GIVEN INFORMATION>
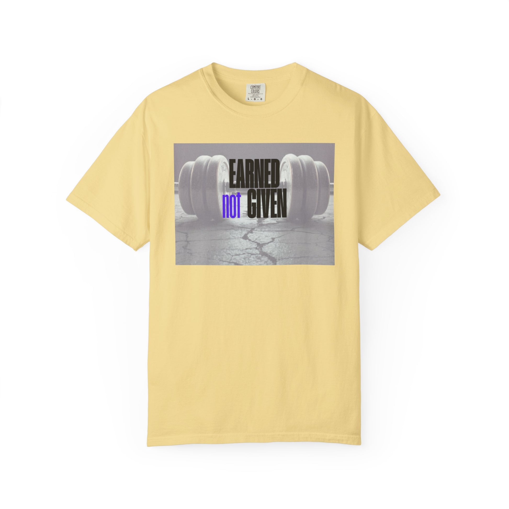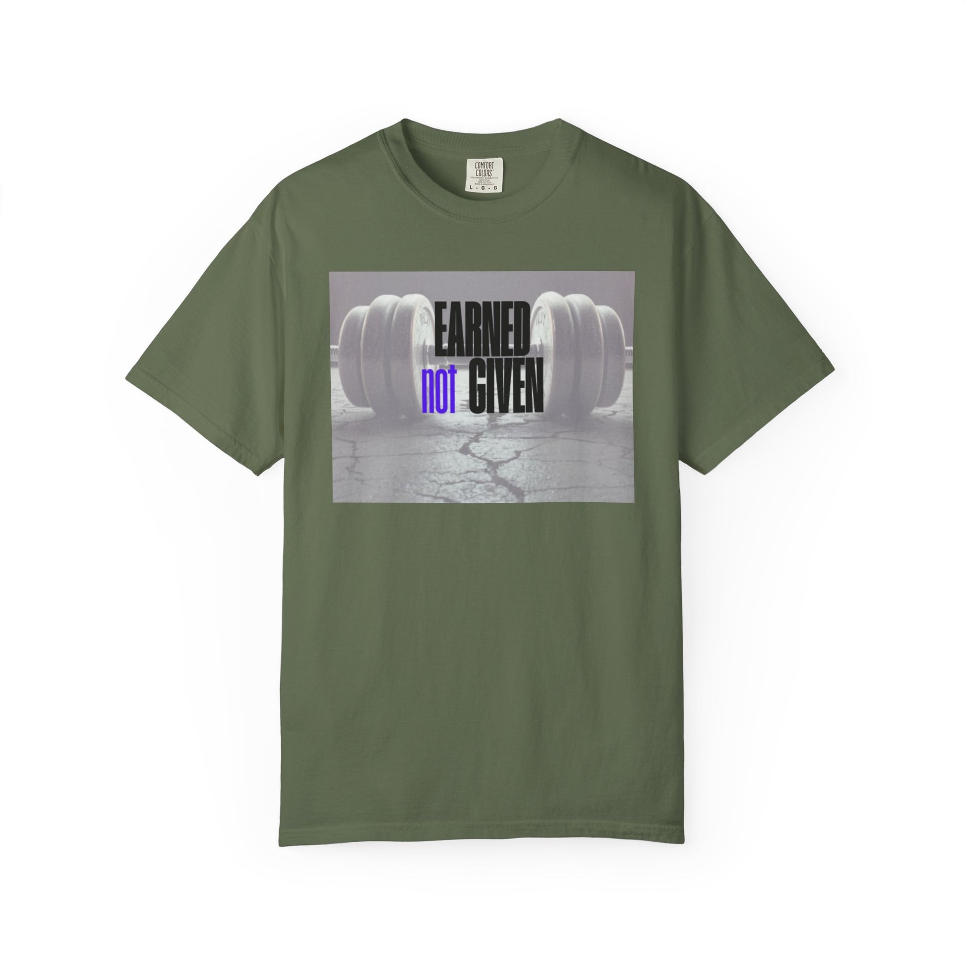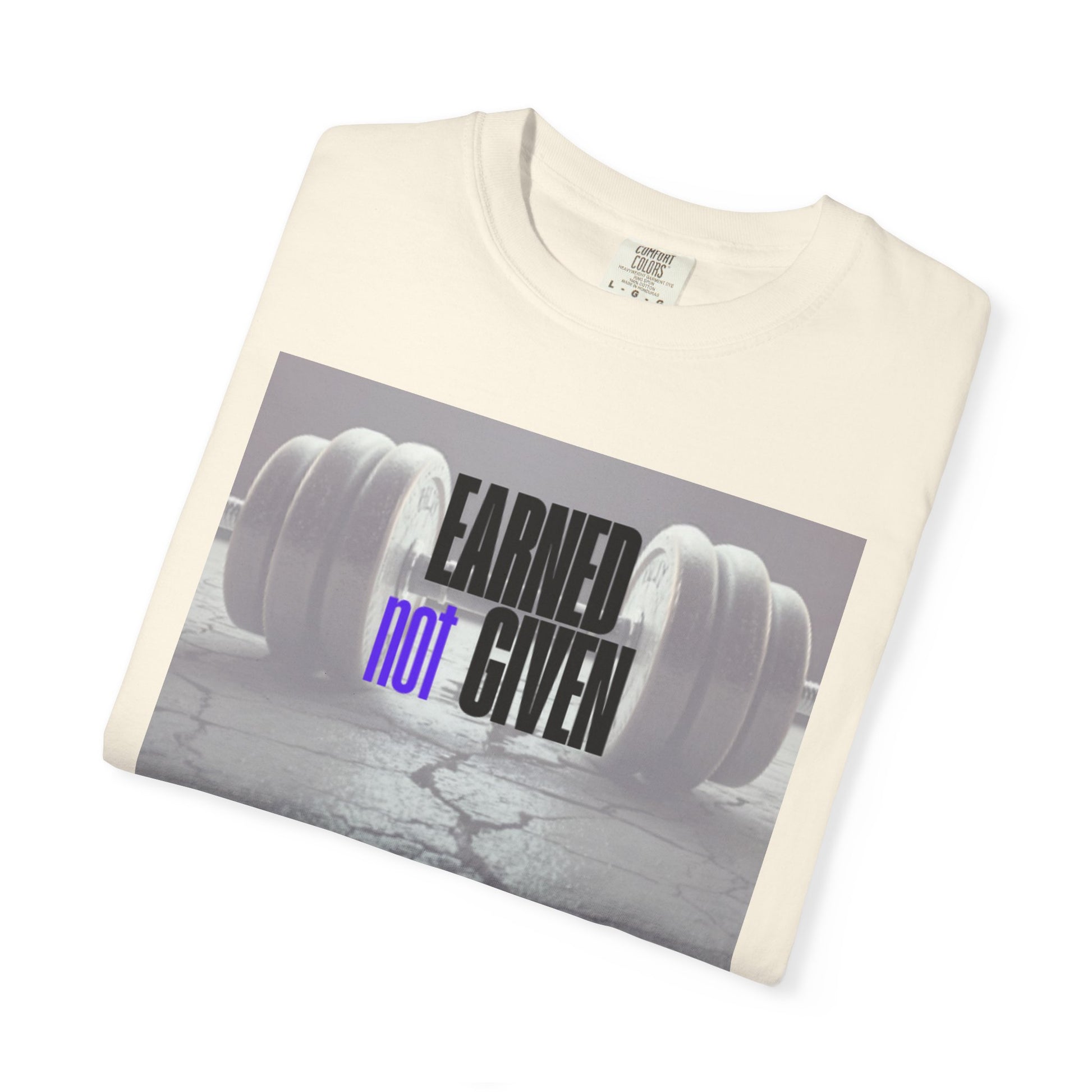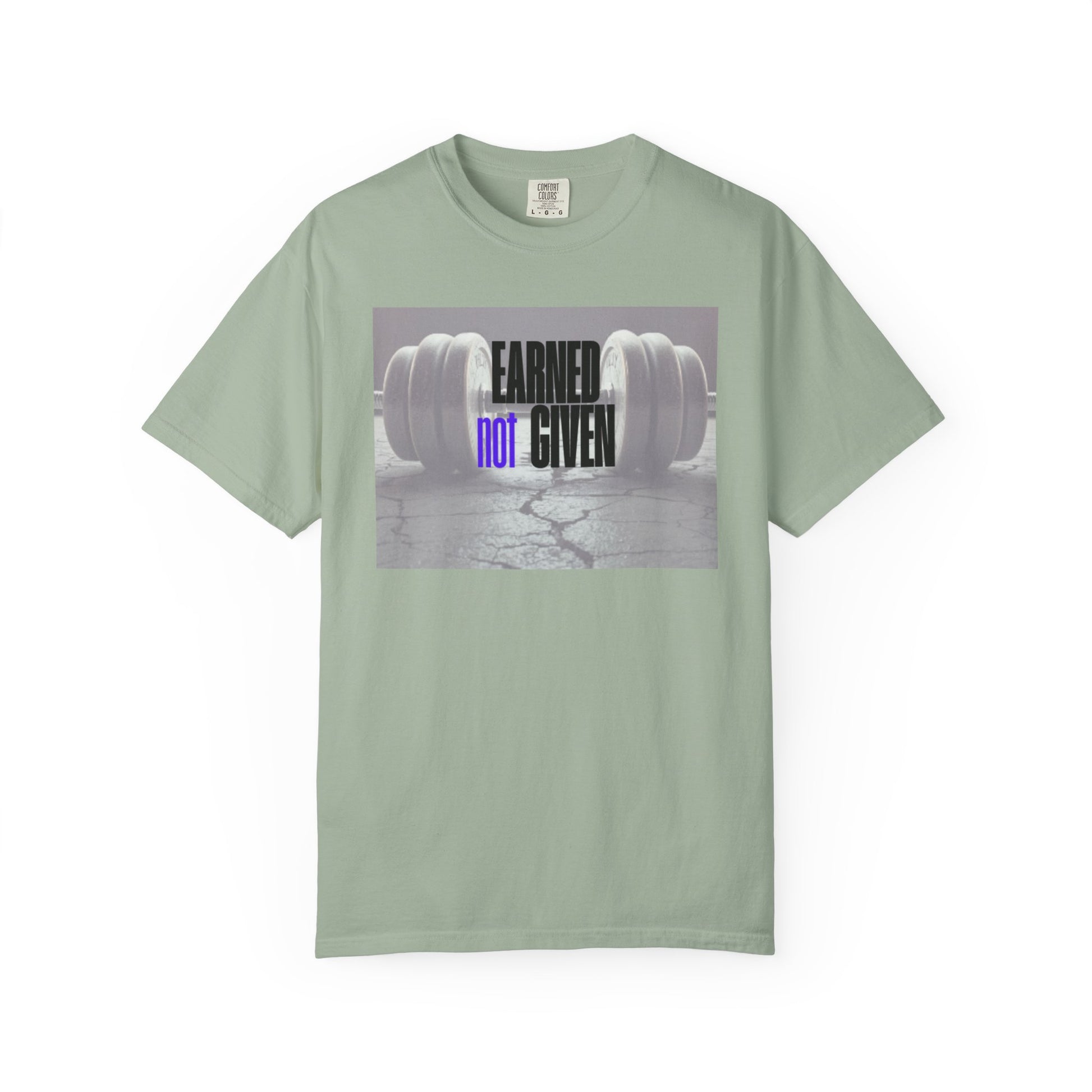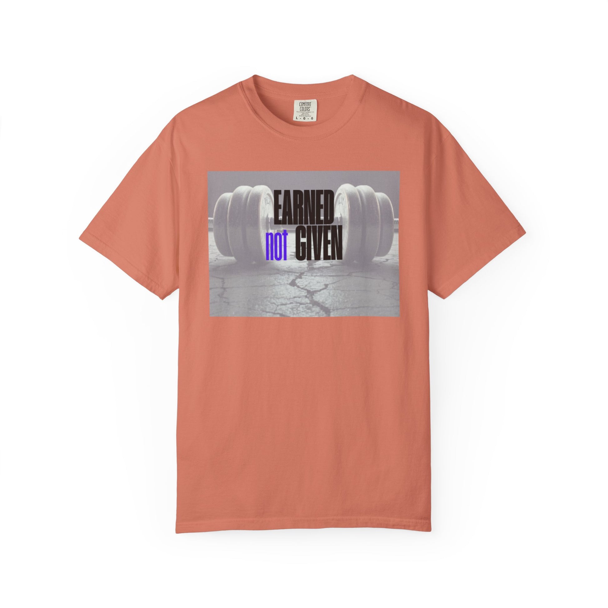 T-shirt motivacional para ginásio, t-shirt de fitness, presente para treino, roupa casual, conquistado, não dado, vestuário para um estilo de vida ativo.
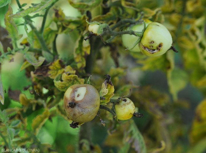 Presence of more or less punctiform and discolored lesions corresponding to the bites of adults on the affected fruits; they are generally clearly visible (figures 1 to 3).
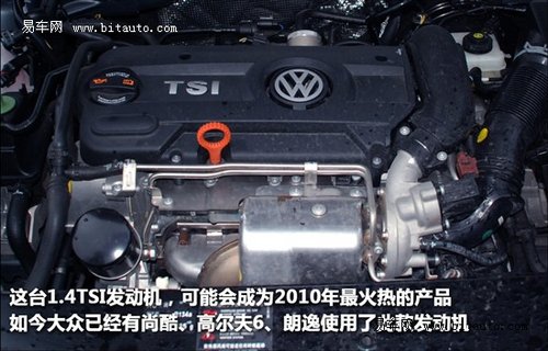 让我们打开发动机盖,来看一下发动机舱的情况。1.4TSI发动机在朗逸的机舱里显得较为紧凑,发动机没有使用太多的包裹件,依然是免维护蓄电池。只是发动机盖上并没有附有隔音棉,估计是考虑到了整个发动机舱的散热,牺牲一些噪音控制也无妨。

EXERCISE INSTRUCTIONS> For the data above, return an exact copy that contains no pictures.

EXERCISE RESPONSE>
 T-shirt motivacional para ginásio, t-shirt de fitness, presente para treino, roupa casual, conquistado, não dado, vestuário para um estilo de vida ativo.
 Presence of more or less punctiform and discolored lesions corresponding to the bites of adults on the affected fruits; they are generally clearly visible (figures 1 to 3).
 让我们打开发动机盖,来看一下发动机舱的情况。1.4TSI发动机在朗逸的机舱里显得较为紧凑,发动机没有使用太多的包裹件,依然是免维护蓄电池。只是发动机盖上并没有附有隔音棉,估计是考虑到了整个发动机舱的散热,牺牲一些噪音控制也无妨。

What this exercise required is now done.